● **EXERCISE PROMPT**:
Output must consist only of the lines of the material below from the one with "Il piano terra" through the one with "牛咔视频记者在网上搜索发现,这类线上监督", each reproduced exactly; no pictures belong in it.

● **EXERCISE MATERIAL**:
········
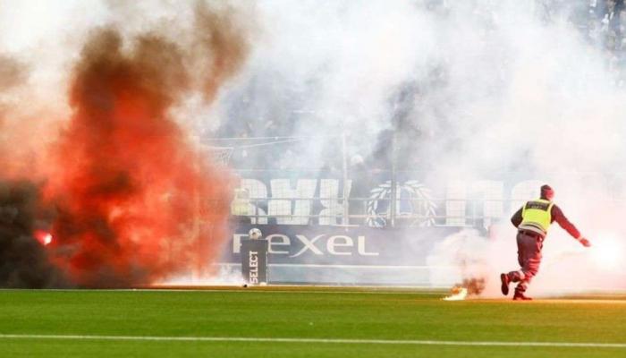 ومع تلاشي الأمل تقريبًا، أُلقيت ألعاب نارية على أرض الملعب في الدقيقة 86، فأوقف الحكم اللعب فورًا وأشار إلى النفق.
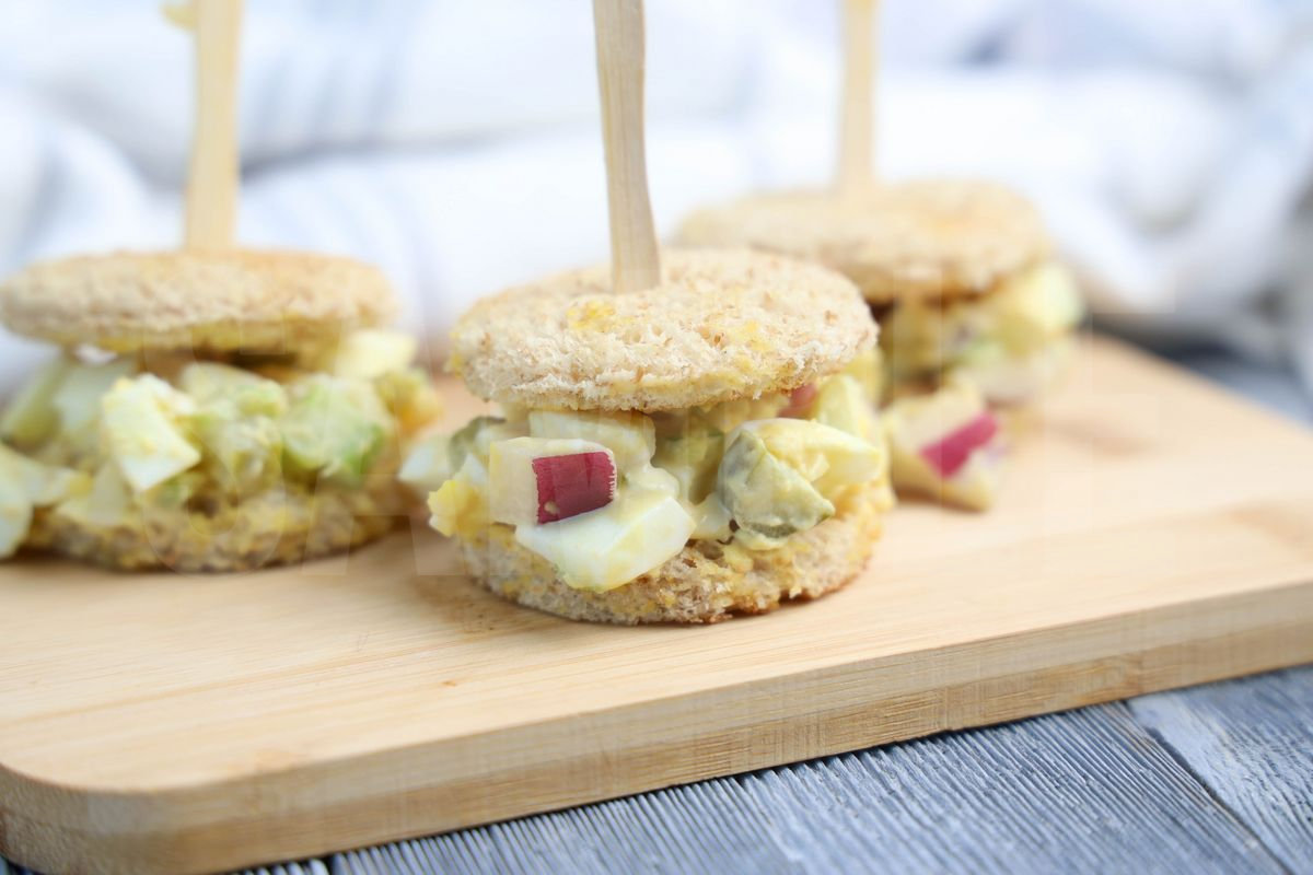 Egg Salad Tea Sandwiches is made with eggs, pickles, red onion, celery, mayo, and mustard. This is a semi exclusive recipe. The Egg Salad Tea Sandwiches comes on a wood cutting board with a gray and white plaid cloth on a gray wood backdrop. Set comes with 11 in process (in process are the same for all sets) and 29 final shots (finals are different for each set) along with recipe in text format. Both vertical and horizontal shots are available for social media. One set of four. Sample removed on finals.
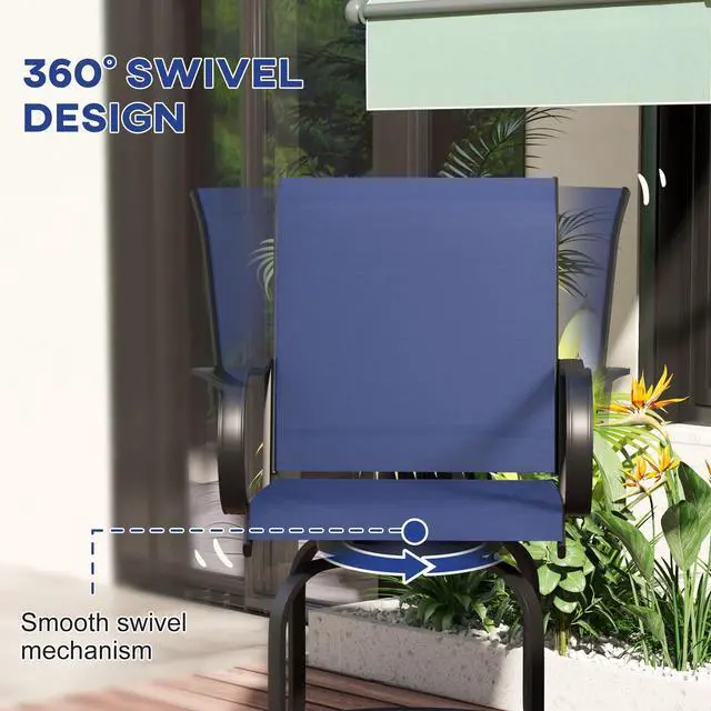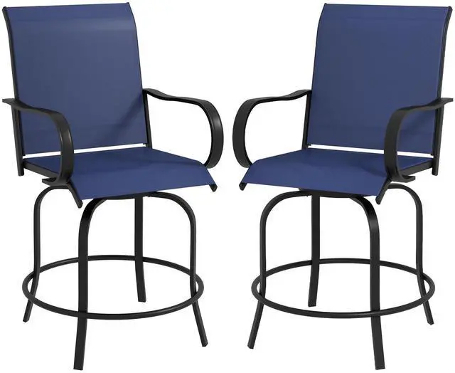 Outdoor Swivel Chair Set: Swivel and spin up high and outside. Our set of two patio bar chairs is fun and functional, with a 360 spin and a seat that reaches to your existing patio bar table. 2 Swivel Bars Stools with
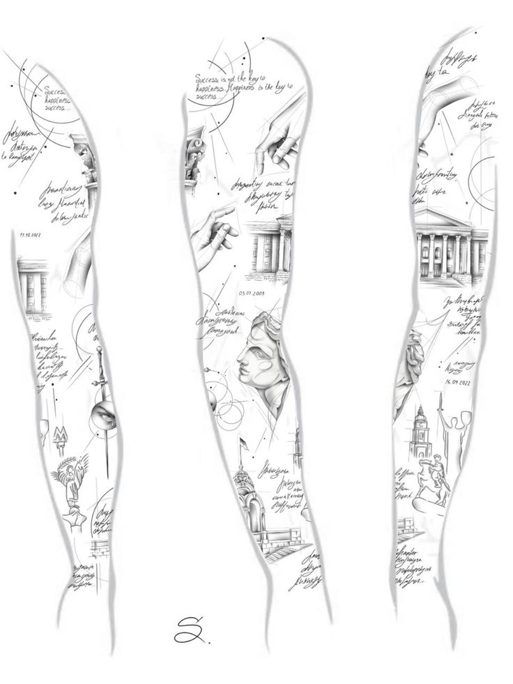 This sleeve appears to tell a story of human advancement, intellect, and emotion—a visual journey through art, architecture, knowledge, and time. It’s likely meant for someone who values history, culture, self-growth, and creative thought.
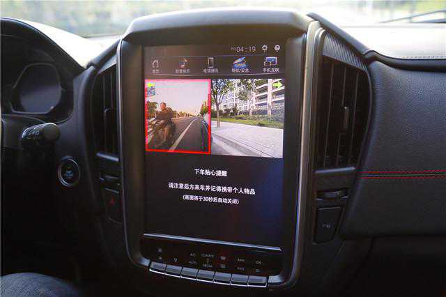 开门防后撞影像系统:在车辆熄火后,外后视镜两侧负责监控后方盲区的摄像头,还会单独在屏幕上显示30秒的后方影像,避免开门下车时,被后方突然介入的车辆或行人,而造成的安全隐患。
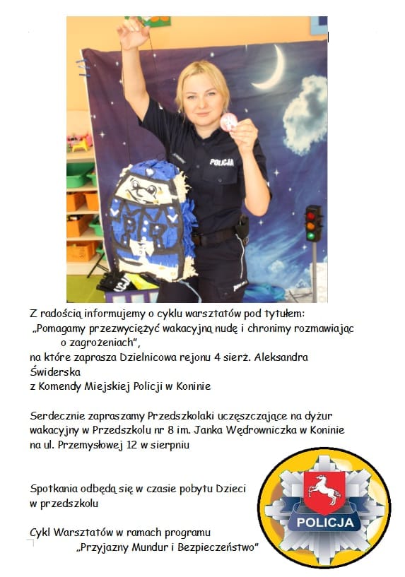 Właśnie w tych dniach sierż. Aleksandra Świderska z Wydziału Prewencji KMP w Koninie przeprowadzi warsztaty pt. " Przyjazny mundur i bezpieczeństwo".
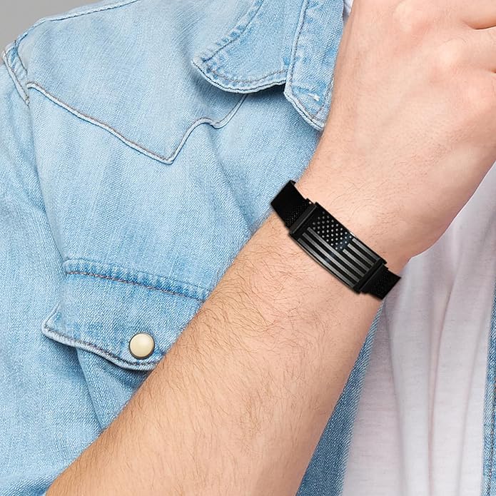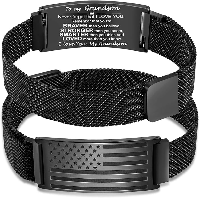 - 【Best Gift for Grandson】This men's bracelet artfully combines faith and fashion, featuring a eye-catching American Flag on the front and the warm word “To My Grandson” engraved on the back.A great gift for your GRANDSON.
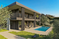 Il piano terra è composto da due camere da letto, entrambe con bagno en suite, oltre a un ulteriore bagno separato. Da questo livello si accede direttamente alla terrazza con giardino e piscina privata, creando una perfetta continuità tra spazi interni ed esterni.
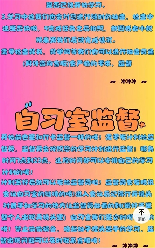 牛咔视频记者在网上搜索发现,这类线上监督服务往往需要消费者在监督开始之前把计划发给监督员,在学习开始、中途和完成任务这几个时间点,监督员都会对消费者进行抽查,这种监督往往根据价格不同分为视频监督、打卡监督和文字监督。
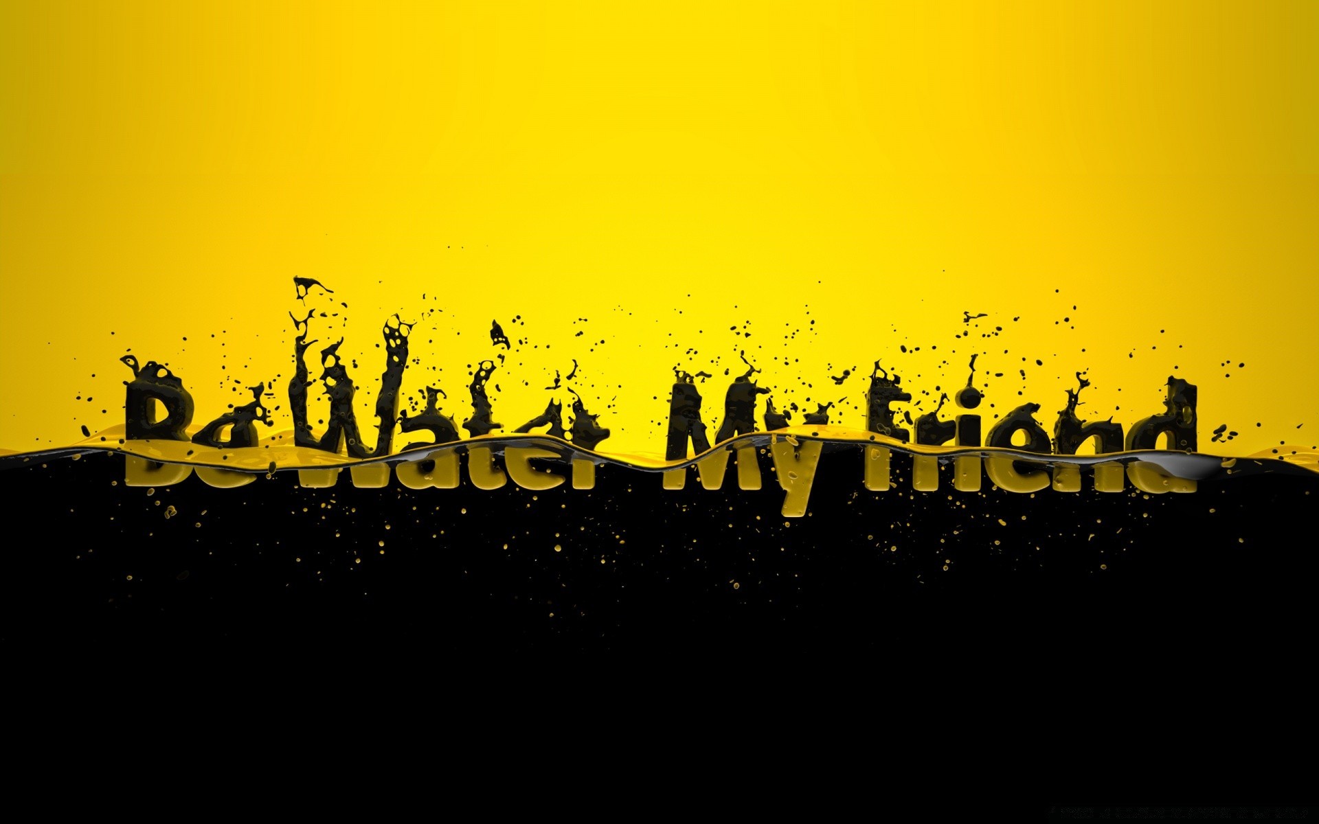 Texte placé à moitié dans l'eau sur fond noir et jaune
········
● **YOUR SOLUTION**:
 Il piano terra è composto da due camere da letto, entrambe con bagno en suite, oltre a un ulteriore bagno separato. Da questo livello si accede direttamente alla terrazza con giardino e piscina privata, creando una perfetta continuità tra spazi interni ed esterni.
 牛咔视频记者在网上搜索发现,这类线上监督服务往往需要消费者在监督开始之前把计划发给监督员,在学习开始、中途和完成任务这几个时间点,监督员都会对消费者进行抽查,这种监督往往根据价格不同分为视频监督、打卡监督和文字监督。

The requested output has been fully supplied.